● **Recorded data**
==*==

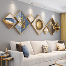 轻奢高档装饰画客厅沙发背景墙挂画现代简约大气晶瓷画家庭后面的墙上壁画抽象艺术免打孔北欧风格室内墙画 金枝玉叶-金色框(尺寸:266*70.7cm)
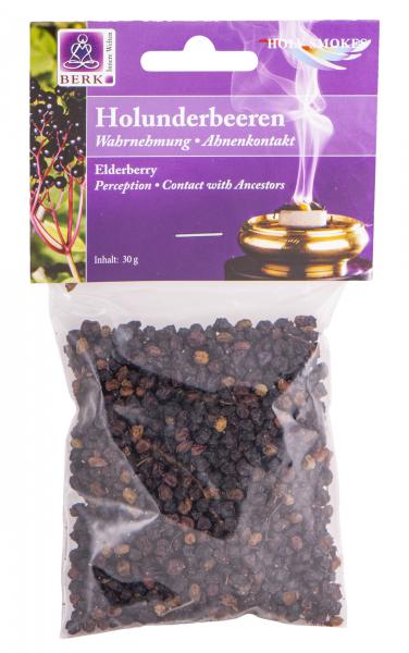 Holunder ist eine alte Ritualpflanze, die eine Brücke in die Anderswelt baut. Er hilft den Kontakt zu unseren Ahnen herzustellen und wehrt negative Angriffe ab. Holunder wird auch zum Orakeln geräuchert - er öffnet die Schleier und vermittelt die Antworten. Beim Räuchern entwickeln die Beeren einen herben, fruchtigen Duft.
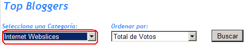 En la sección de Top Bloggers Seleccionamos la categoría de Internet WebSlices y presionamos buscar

==*==

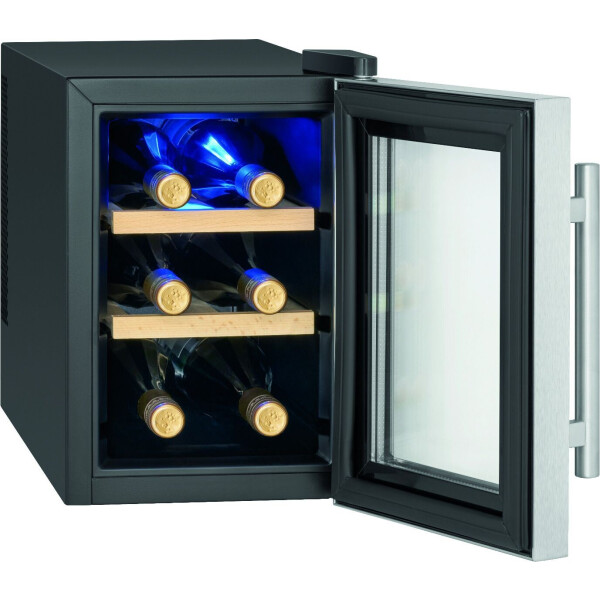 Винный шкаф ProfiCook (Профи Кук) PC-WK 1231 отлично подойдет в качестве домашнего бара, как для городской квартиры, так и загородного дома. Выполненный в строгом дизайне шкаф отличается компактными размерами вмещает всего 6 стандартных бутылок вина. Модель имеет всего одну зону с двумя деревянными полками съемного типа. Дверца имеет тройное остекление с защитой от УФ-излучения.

==*==

● **Assigned task**
From the listing above, restate verbatim the lines running from the one with "Holunder ist eine" through the one with "En la sección", inclusive, but not the pictures.

● **Solution below**
 Holunder ist eine alte Ritualpflanze, die eine Brücke in die Anderswelt baut. Er hilft den Kontakt zu unseren Ahnen herzustellen und wehrt negative Angriffe ab. Holunder wird auch zum Orakeln geräuchert - er öffnet die Schleier und vermittelt die Antworten. Beim Räuchern entwickeln die Beeren einen herben, fruchtigen Duft.
 En la sección de Top Bloggers Seleccionamos la categoría de Internet WebSlices y presionamos buscar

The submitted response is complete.